My testing facilities are for P4/S4 only so I cannot compare the performance change, if any, caused by the wheel replacement. I should be surprised if Messrs Ultrascale were to claim any traction improvement other than the marginal difference caused by a possibly different tyre material. That said, I exaggerate not when I say that I found the tractive performance astonishing. On the dead level S4 'Green Street', with seven Bachmann Mk1s, a rapid application of full voltage causes a slip for roughly the length of the loco, followed by brisk acceleration to a scale 60 mph or so.

On the test rig it showed a peak pull of 55 grams before slipping at an average around 52 grams, which at an overall weight of 214 grams, gives drawbar pull figures either side of 25% of the tractive weight.
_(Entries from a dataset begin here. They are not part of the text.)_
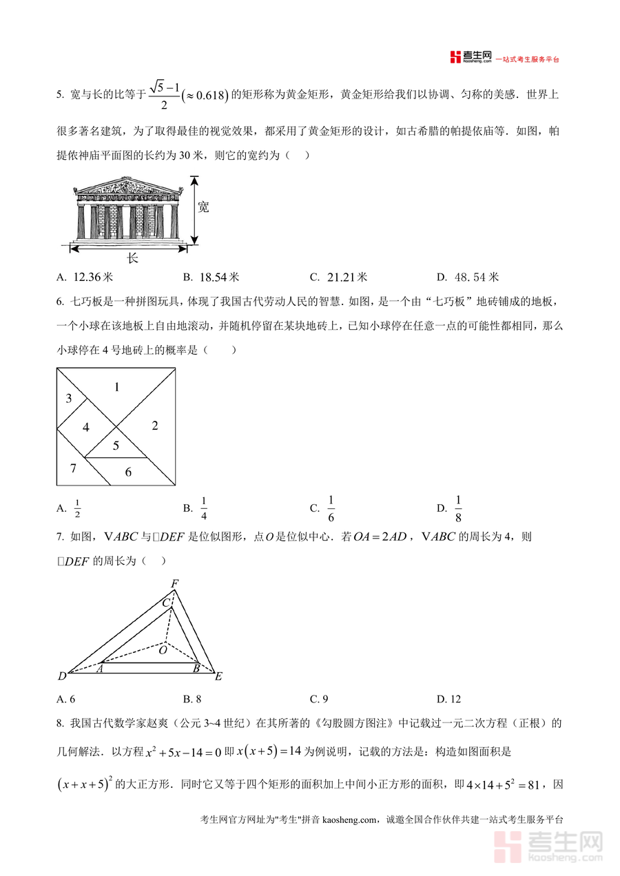 《精品解析:广东省深圳市盐田区2024-2025学年九年级上学期期中数学试卷(原卷版).docx》是一份聚焦广东省深圳市盐田区九年级上学期期中数学考试的专业备考资料。该试卷严格依据当地初中数学教学大纲及期中命题要求编制,包含选择题8小题(24分)、填空题5小题(15分)、解答题7小题(61分)三大题型,覆盖三视图识别、一元二次方程根的求解与判别式应用、特殊四边形性质及证明、概率计算、位似图形性质、黄金矩形应用等九年级上册核心知识点。作为原卷版资料,其题型设置、分值分布与本地期中真题高度契合,且融入了地域文化元素与生活情境实例(如隋朝青瓷文物三视图分析、帕提侬神庙黄金矩形计算等),具有较强地域针对性与实战参考价值。
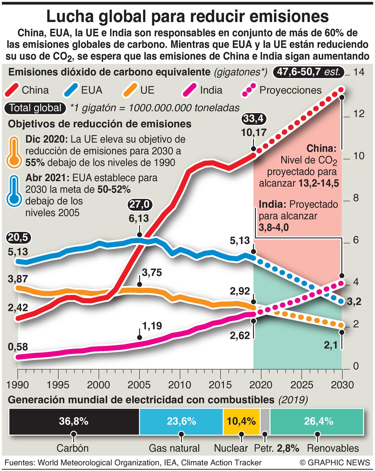 Agrega que la pandemia de covid-19 provocó una caída en las emisiones mundiales de 5.4 por ciento de bióxido de carbono en 2020. Sin embargo, se espera que en 2021 las emisiones de éste y otros GEI vuelvan a aumentar a un nivel ligeramente inferior al récord que se alcanzó en 2019. Se estima que apenas alrededor del 20 por ciento de las inversiones totales en recuperación hasta mayo de 2021 tengan un impacto en la reducción de las emisiones.
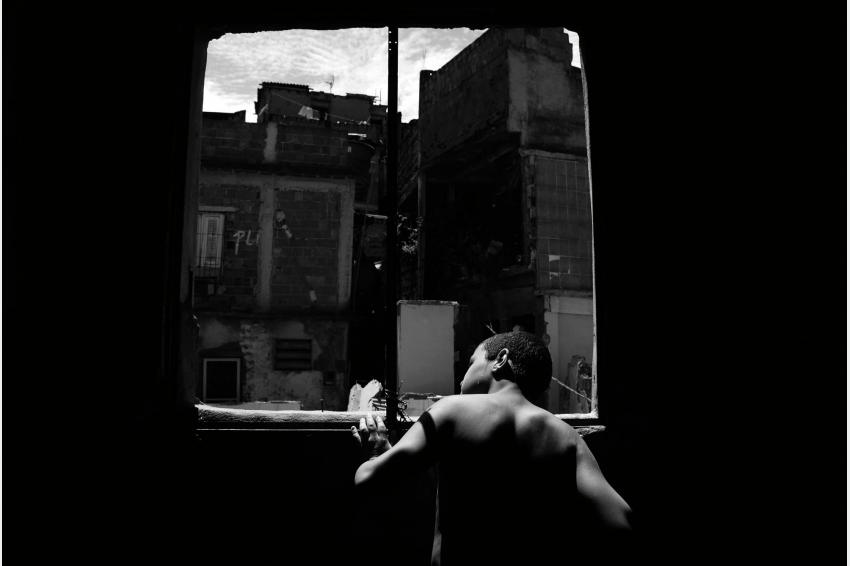 Foto: Ratão Diniz. Joven dentro de una casa que está siendo demolida para obras del Programa de Aceleración del Crecimiento (PAC) en el cerro del Alemão. Río de Janeiro, 2009
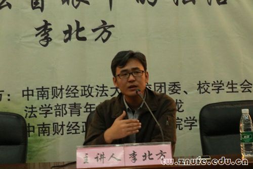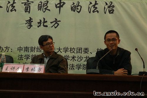 讲座伊始,李北方先生对其观点中的主体--“法盲”进行定位。“法盲”应具有双重释义:其一是法学界自我感觉良好者给别人扣“法盲”的帽子;其二是法学界的另外一些人给与自己在法治问题上持不同观点的人打的标签。他借此批评了如今法学界内一些法学家、律师盛气凌人,因法律人而自傲的现象。
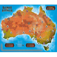 In the late 19th century, railway expansion across Australia suffered from inconsistent rail gauges. This lack of planning meant that different rail gauges must meet up at a station for passengers and cargo to switch from one line to the next before continuing on their journey. Railways of Australia recreates this dilemma in a large scale map that is truly designed for 2-6 players.
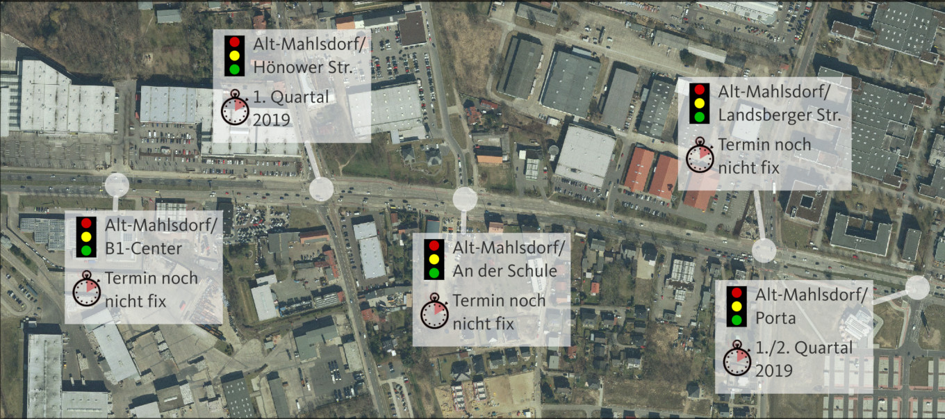 - Schaltung einer Grünen Welle von der Ampel Alt-Mahlsdorf/ B1-Center bis zur Ampel Fachmarktzentrum morgens stadteinwärts, nachmittags stadtauswärts
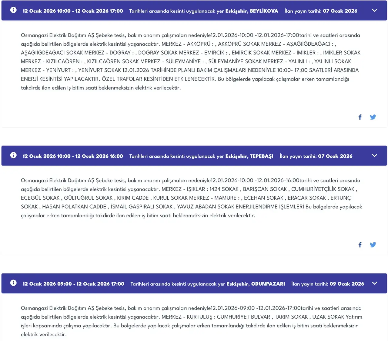 OEDAŞ, elektrik kesintilerinin önceden duyurulması ve vatandaşların mağduriyet yaşamaması adına detaylı bilgilendirme yapmaktadır.
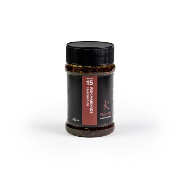 El escabeche de pescado EldurApi está diseñado para aportar frescura, acidez equilibrada y un toque aromático perfecto para pescados y mariscos cocinados al kamado o a la parrilla. Su mezcla combina vinagres suaves, especias mediterráneas y hierbas que penetran en el pescado sin deshacer su textura.
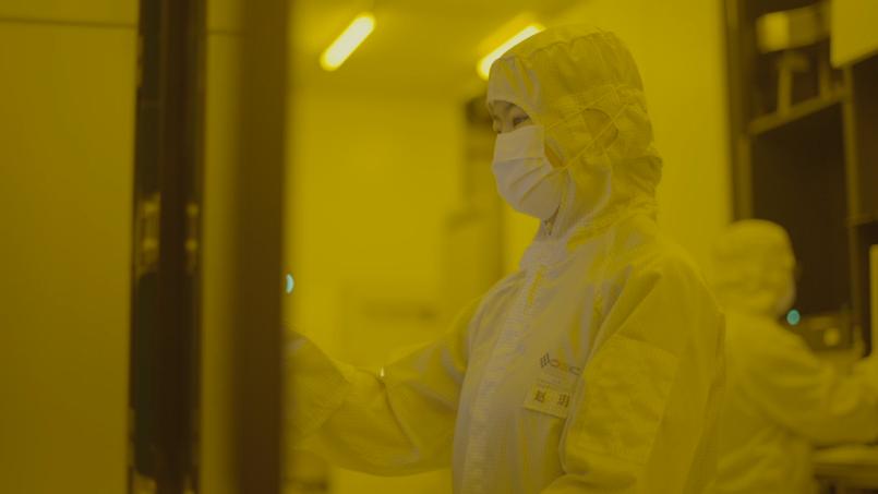 光电子先导院8英寸硅光平台黄光区,技术人员正在操作光刻机
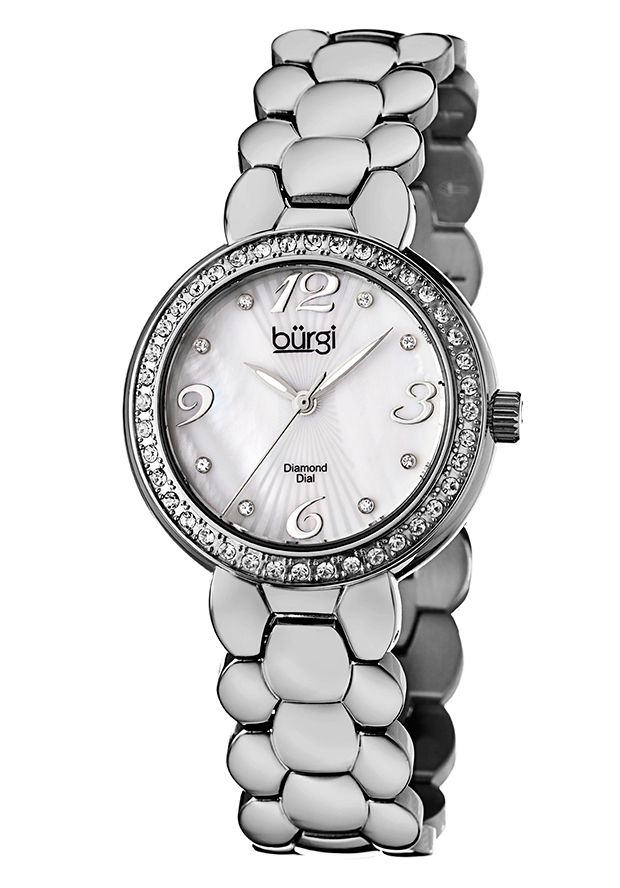 Stainless steel case with a stainless steel bracelet. Fixed stainless steel bezel set with crystals. White mother of pearl dial with luminous silver-tone hands and diamond hour markers. Arabic numerals mark the 3, 6, 9 and 12 o'clock positions. Dial Type: Analog. Luminescent hands. Swiss quartz movement. Scratch resistant mineral crystal with sapphire coating. Pull / push crown. Screw down case back. Case diameter: 35 mm. Case thickness: 9.5 mm. Round case shape. Band width: 18 mm. Band length: 8.5 inches. Jewelry clasp. Water resistant at 30 meters/99 feet. Functions: hour, minute, second. Additional Info: genuine diamonds on dial. Dress watch style. Burgi White Mother of Pearl Dial Stainless Steel Bracelet Ladies Watch BUR084SS.
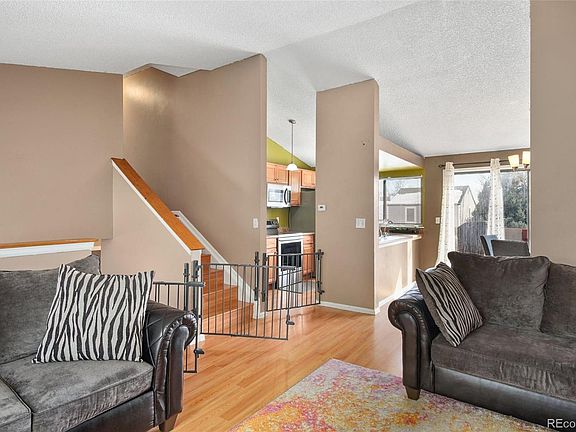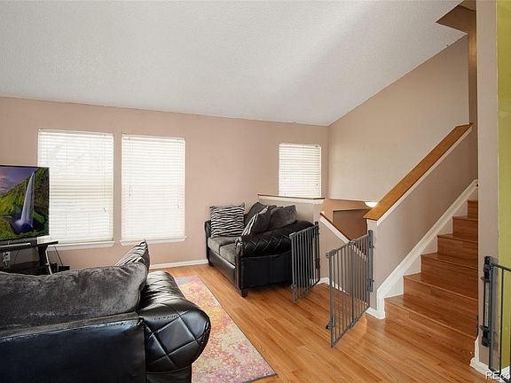 Updated tri-level home in the heart of Tollgate Village on an oversized 1/4 acre corner lot. A foyer leads to the open main floor that is accented by beautiful hardwood floors, a vaulted ceiling & abundant natural light. Easily entertain from the updated kitchen that features stainless steel appliances, a pantry & a sliding door that opens out to the deck for a painless transition to outdoor dining. Hardwood floors continue throughout the upper level that hosts 2 secondary bedrooms, a Jack and Jill bathroom & the master that has a walk-in closet, en-suite 1/4 bath & private access to the Jack and Jill. Sunny lower level has a family room with a cozy wood-burning fireplace, additional bedroom & a full bathroom. Large fenced backyard has unlimited potential. 2-car attached garage is heated making chilly winter mornings a breeze. No HOA! Excellent central location minutes away from parks, shopping, restaurants, coffee shops, Buckley AFB, E-470, I-225 & the light rail.
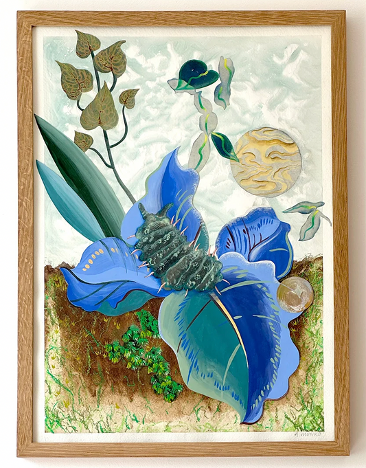 Ailsa Munro is a British artist, creating illustrative limited edition prints, as well as collaged and cyanotype originals. In her art world nature is sprawling, filling the frame with abundant lifeforms. She studied textile design at University of Brighton and art at Wimbledon School of Art. With almost microscopic accuracy, Munro’s work focuses on the vegetative world, the topic of climate change and the de- and re-wilding of our planet - an interconnected network of living organisms that often appear still, but fizz with energy and life.
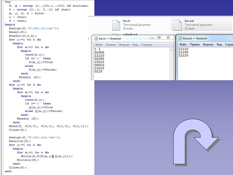 Решение олимпиадных задач. Язык программирования Pascal Пассажиры Условие Решение Наибольшее отношение. Условие Решение Ёжик Условие Решение Чёрно – белая графика Условие Решение Газон Условие Решение Abracadabra Условие Решение Курьеры Условие Решение Треугольник Условие Решение
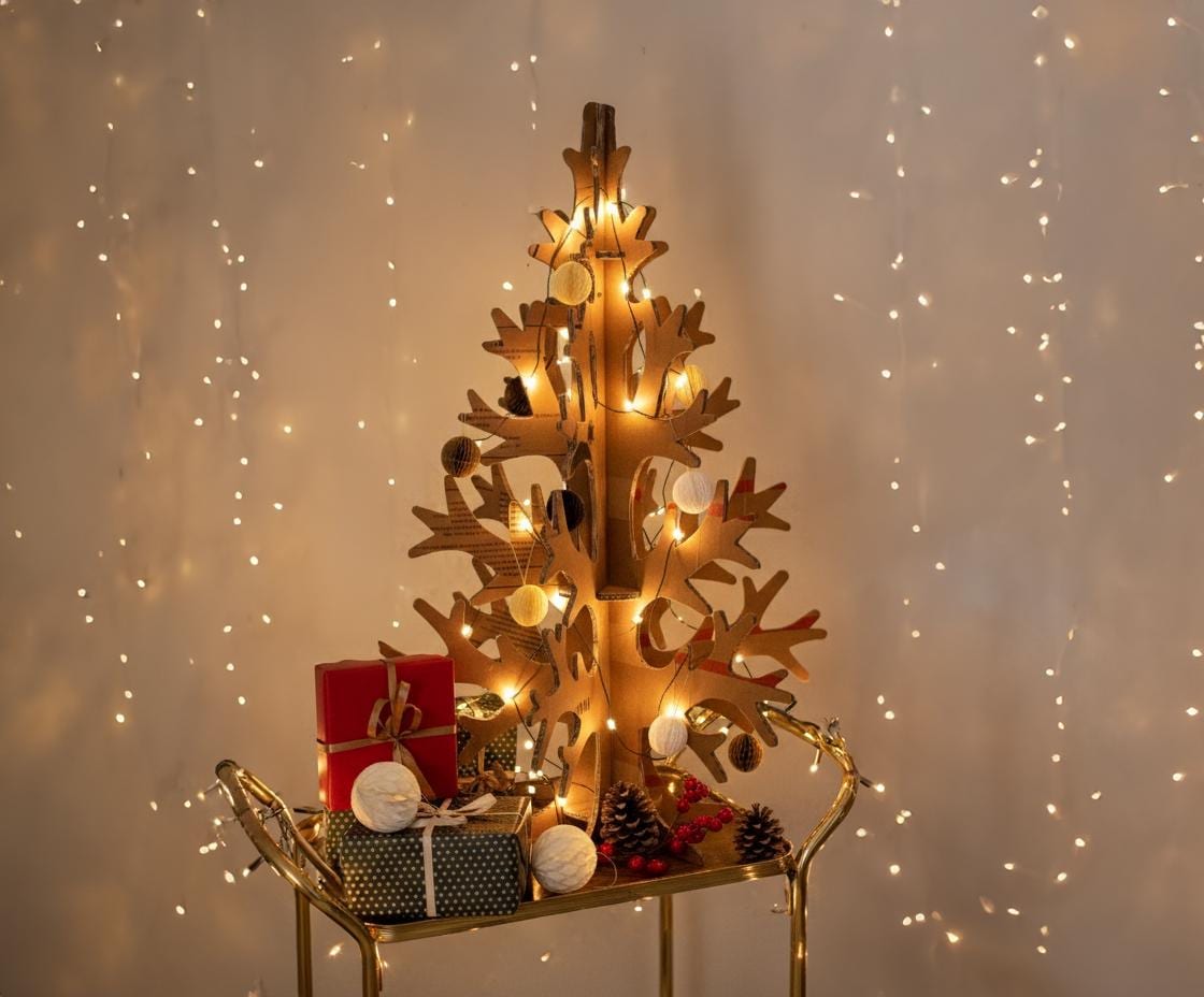 Celebrate the holidays sustainably and stylishly with this unique cardboard Christmas tree. Order yours today and enjoy a greener Christmas year after year!
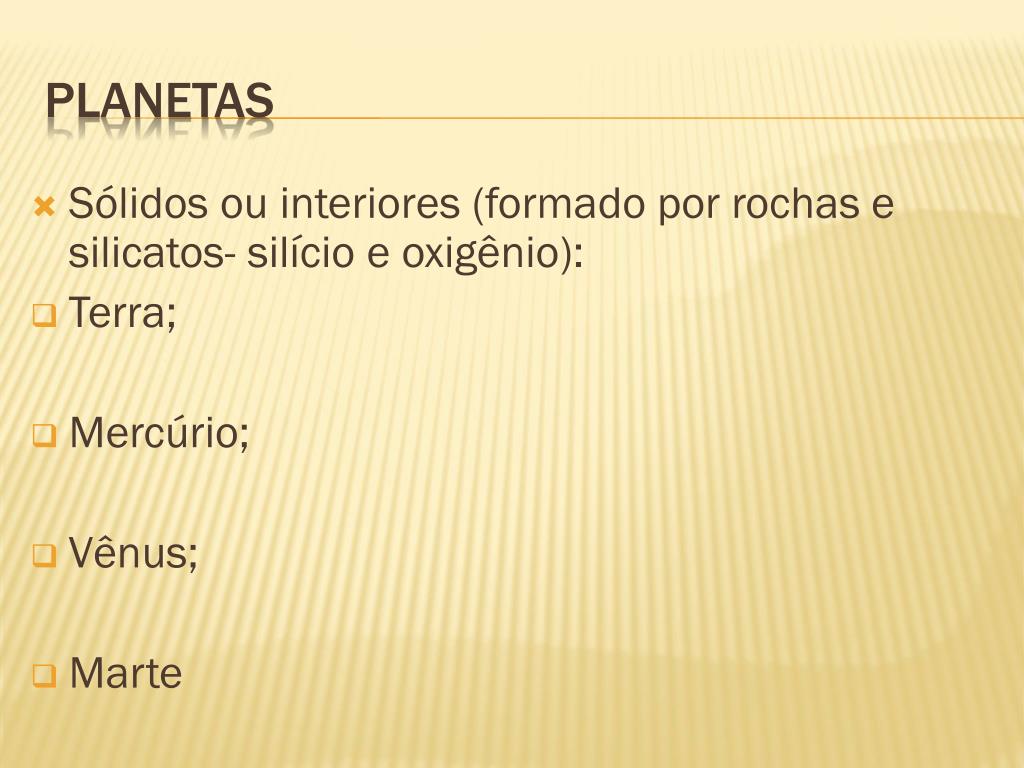 Sólidos ou interiores (formado por rochas e silicatos- silício e oxigênio): • Terra; • Mercúrio; • Vênus; • Marte Planetas
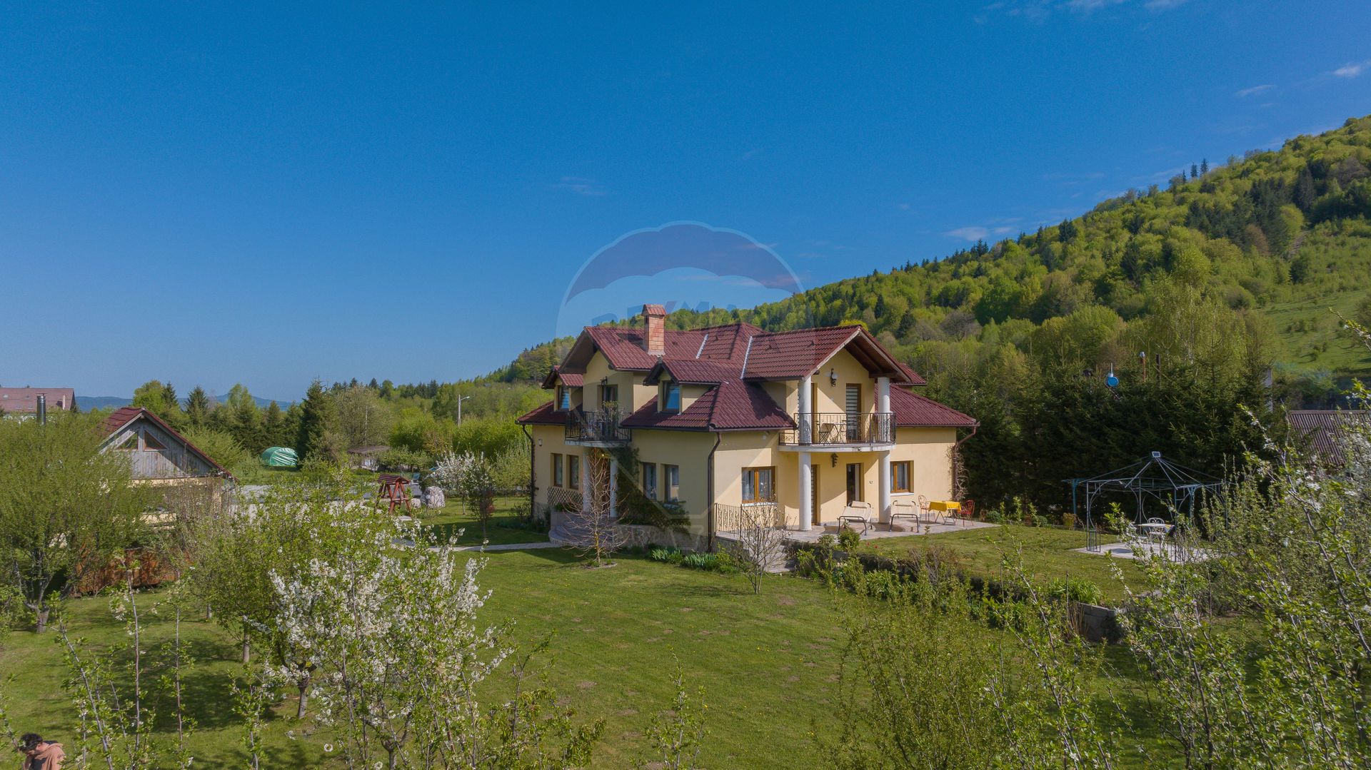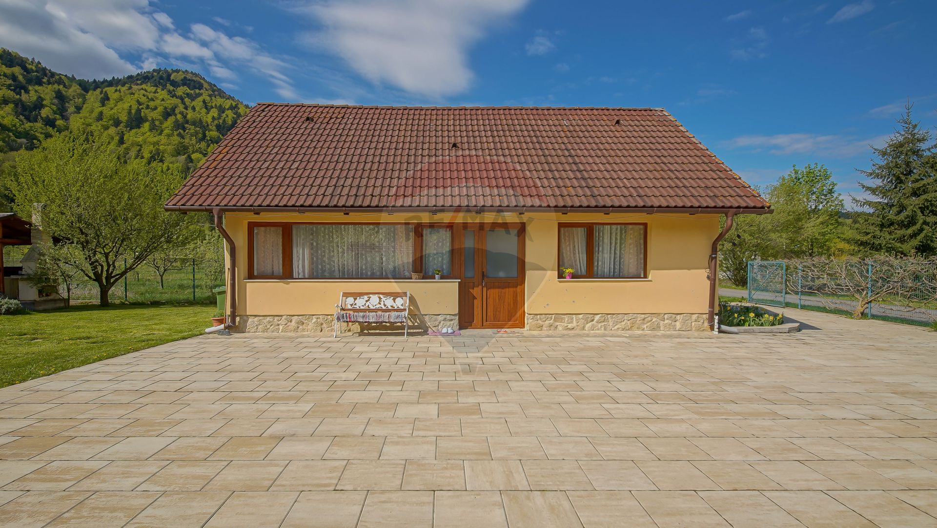 Curtea este amenajată cu alei din piatră naturală, un foișor din lemn masiv perfect pentru mese în aer liber și o zonă de grătar. Din fiecare colț al terasei se deschid priveliști uimitoare către vârfurile muntoase, iar sunetul liniștitor al pădurii creează o atmosferă de relaxare deplină.
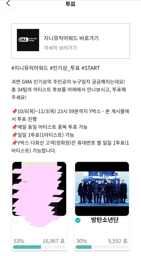 @@지 니 인기상 Y 박스앱 3일차 투표 현황@@

Few Deputy Chairman's Cup entries have achieved this figure, even less with round and true wheels. Better still, as the prototype weights varied by a few tons up to just under 50 tons, it fits with my preferred 1 gram of pull per ton of prototype tractive weight theory - exceeding it slightly, even.

What makes this design so effective? Well, I would put it this way - if one accepts the premise that a rigid six-coupled chassis has in fact only three wheels in contact with the track most of the time, it follows that if the centre axle of a similar chassis is sprung with enough 'rock', then it will have five wheels in contact most of the time, except when it has six. Now, if the spring rate of the middle axle is carefully chosen, so that the effective weight on each axle is nearly identical, then the most efficient pull for a given tractive weight will be realised.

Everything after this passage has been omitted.